The need for a company to have secretarial audit company can be linked to scale of
operations or presence which can be determined in terms of paid up capital, turnover, number
of employees, number of shareholders, outstanding borrowings, kinds of business etc. and has
no link whether a company is public or private. In fact, we had moved to a regime where the
law endeavors to provide level playing field to all kinds of market participants. In fact
Companies Act, 2013 has done away with most of the exemptions/relaxations available to
private companies under the earlier law. This is found on the profound realization that serious
misdemeanor have been noticed in many private companies. The exclusion of private
companies, irrespective of their size, from secretarial audit gives a message that the matters
covered under such audit such as compliance with applicable laws is not important. It is at
least as important as the financial audit which is compulsory for every company. That is why
it is part of the Corporate Governance Voluntary Guidelines, 2009 of Ministry of Corporate
Affairs which is applicable to all companies.

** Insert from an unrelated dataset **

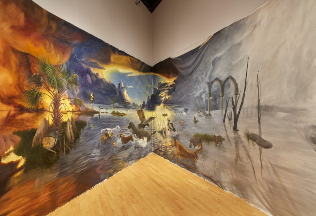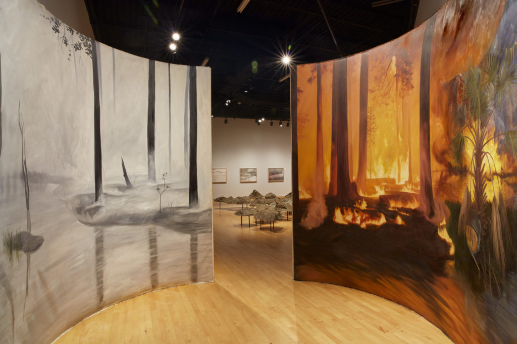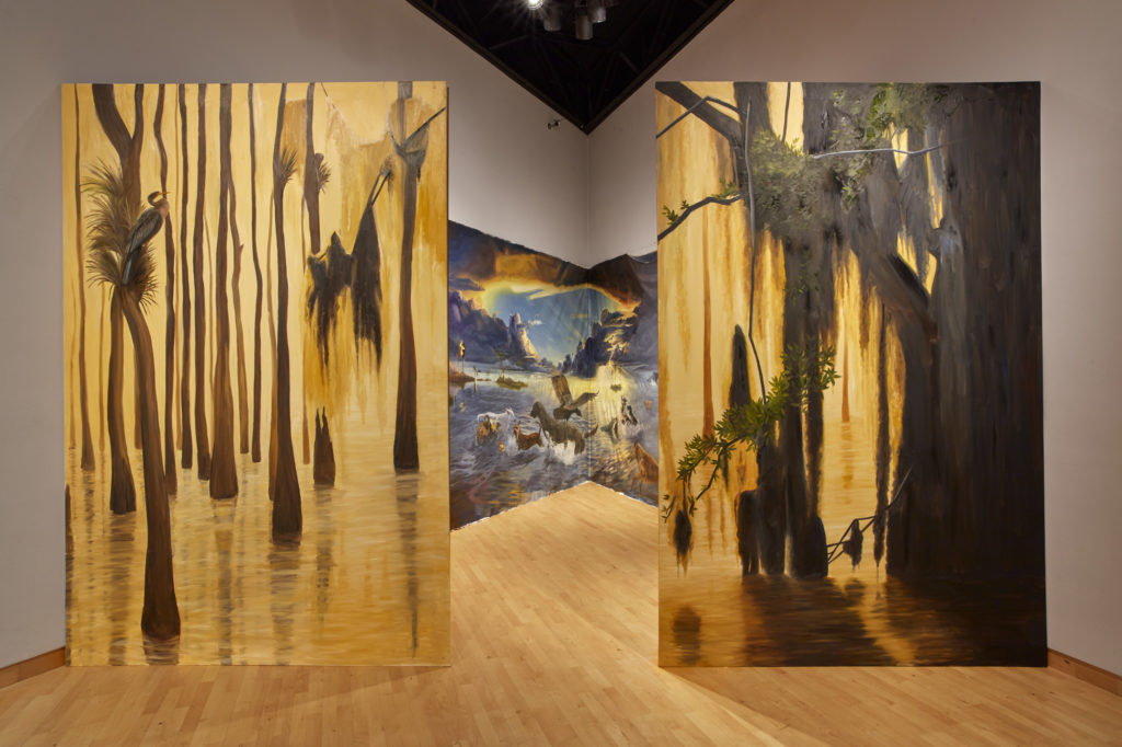 It’s a very Florida scene, reminiscent of the Highwaymen painters. The entrance is through a diptych painting of cypress swamps — with a panoramic view of the ten-foot tall by 50-foot long painting. In the apex of the 45-degree corner is the iconic Florida sunset, or it could be sunrise, with dogs and wildlife and an aircraft carrier.
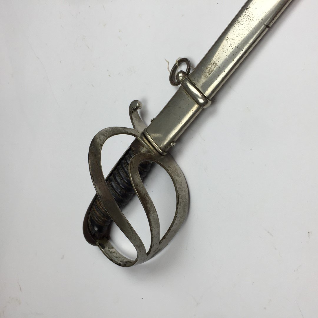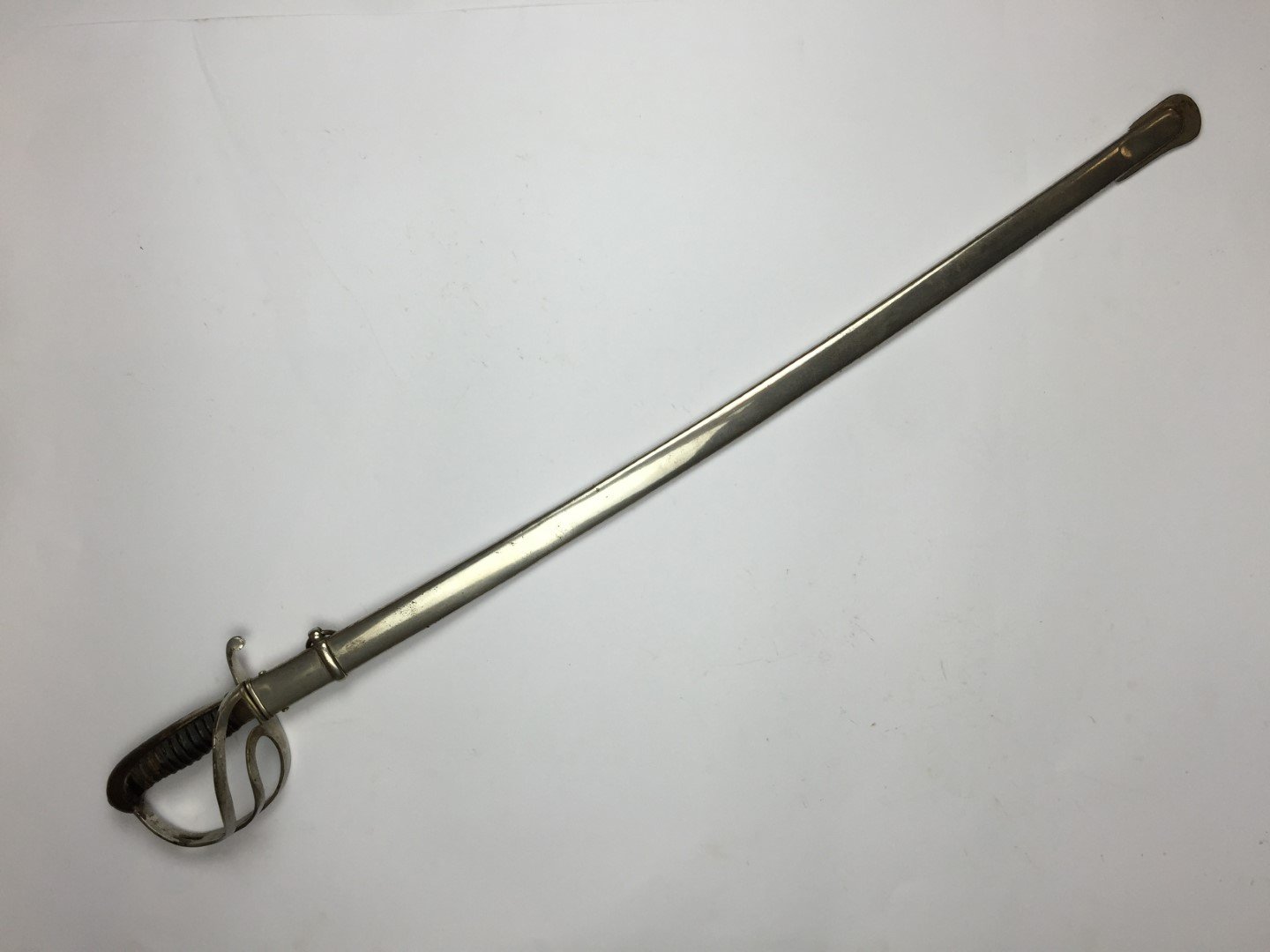 Sable francés curvo modelo 1882. Empuñadura en madera forrada en cuero, averiado. Guardamano en tres ramales en metal niquelado. Vaina en metal niquelado, con una anilla. Tipo de arma utilizada por oficiales del ejército uruguayo a fines del siglo XIX.

The Institute of Company Secretaries of India has made a representation (dated 02nd April,
2014) to the Ministry of Corporate Affairs for amending the rules relating to Secretarial Audit
and making it applicable to all those companies which are at least subject to Internal Audit
u/s 138 of the Act.Now, the new Government of 16th Lok Sabha will be tested, how it comes
up with this representation/suggestion of ICSI.

Thanks for reading!!
Reference to Act means Companies Act, 2013 unless stated otherwise.
Views are personal and may not be relied as an opinion on any statutory act, section or rule.